---------- DATA ----------

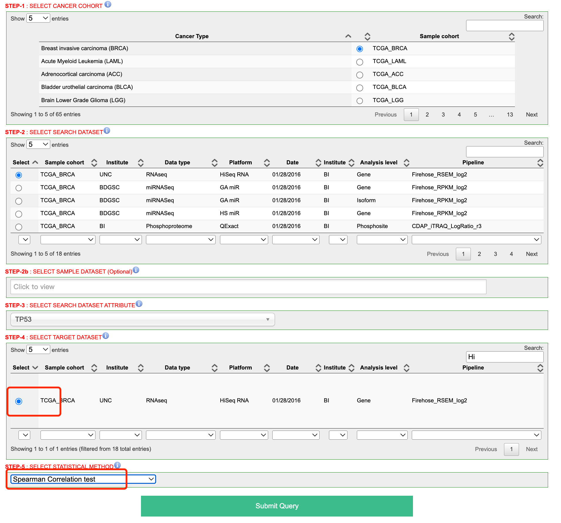 分析主要包括 5 个步骤:选择癌型,选择数据集,选择基因或其他特征,选择目标数据集,最后选择统计方法。
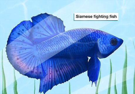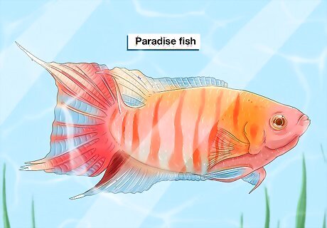 Look for hardy fish. You want a fish that isn't easy to kill. One that can survive small mistakes in cleaning or care. For example, overfeeding is a common problem that can kill many fish breeds rather easily. With this in mind, Paradise fish are a hardy, beautiful option. Siamese fighting fish are cousins of goldfish and make excellent first-time pets. They prefer a good amount of aquarium décor and are often found lounging amongst the plants, making for great viewing.
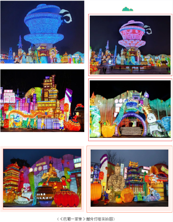 今年,自貢·中華彩燈大世界以“觀自貢燈 過中國年”為主題,550畝展區(qū)、十五大主題、上百組彩燈,給游客們帶來一場自貢彩燈文創(chuàng)新紀(jì)元的視覺盛宴。有800多年歷史的自貢燈會,開啟全新云時代,將自貢燈會打造成展現(xiàn)時代風(fēng)貌的大舞臺,讓您足不出戶也能領(lǐng)略“天下第一燈”的魅力!由燈貿(mào)集團(tuán)創(chuàng)意、設(shè)計團(tuán)隊等數(shù)百名彩燈匠人歷時兩個多月精心打造的《巴蜀一家親》、《自貢記憶》、《五糧液》三個大型燈組?!栋褪褚患矣H》薈萃川渝各城風(fēng)貌之靈光,主體以獨具特色的川渝茶文化代表——蓋碗茶為載體,現(xiàn)代透光材質(zhì)制作憨態(tài)可掬的熊貓,下方高鐵環(huán)繞而行,輔以巴蜀特色元素,將自貢傳統(tǒng)彩燈制作工藝與新技術(shù)相結(jié)合,為游客帶來可看、可聽、可聞的沉浸式的觀燈體驗。
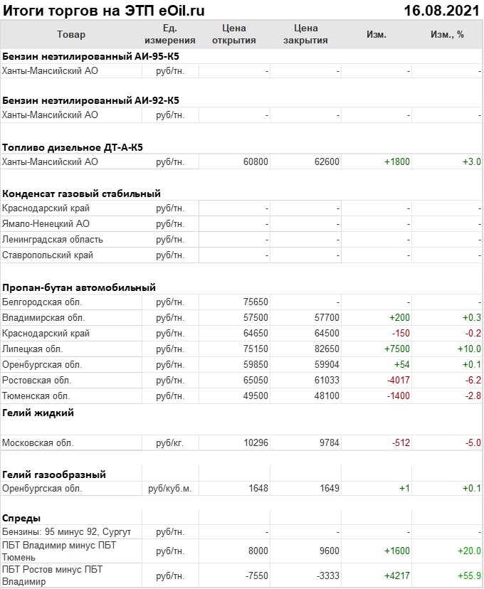 Итоги торгов на ЭТП eOil.ru 16 августа 2021

----------

• [ASSIGNED TASK] Word for word, restate all of the material, omitting the images.

• [PROBLEM SOLUTION]
 分析主要包括 5 个步骤:选择癌型,选择数据集,选择基因或其他特征,选择目标数据集,最后选择统计方法。
 Look for hardy fish. You want a fish that isn't easy to kill. One that can survive small mistakes in cleaning or care. For example, overfeeding is a common problem that can kill many fish breeds rather easily. With this in mind, Paradise fish are a hardy, beautiful option. Siamese fighting fish are cousins of goldfish and make excellent first-time pets. They prefer a good amount of aquarium décor and are often found lounging amongst the plants, making for great viewing.
 今年,自貢·中華彩燈大世界以“觀自貢燈 過中國年”為主題,550畝展區(qū)、十五大主題、上百組彩燈,給游客們帶來一場自貢彩燈文創(chuàng)新紀(jì)元的視覺盛宴。有800多年歷史的自貢燈會,開啟全新云時代,將自貢燈會打造成展現(xiàn)時代風(fēng)貌的大舞臺,讓您足不出戶也能領(lǐng)略“天下第一燈”的魅力!由燈貿(mào)集團(tuán)創(chuàng)意、設(shè)計團(tuán)隊等數(shù)百名彩燈匠人歷時兩個多月精心打造的《巴蜀一家親》、《自貢記憶》、《五糧液》三個大型燈組?!栋褪褚患矣H》薈萃川渝各城風(fēng)貌之靈光,主體以獨具特色的川渝茶文化代表——蓋碗茶為載體,現(xiàn)代透光材質(zhì)制作憨態(tài)可掬的熊貓,下方高鐵環(huán)繞而行,輔以巴蜀特色元素,將自貢傳統(tǒng)彩燈制作工藝與新技術(shù)相結(jié)合,為游客帶來可看、可聽、可聞的沉浸式的觀燈體驗。
 Итоги торгов на ЭТП eOil.ru 16 августа 2021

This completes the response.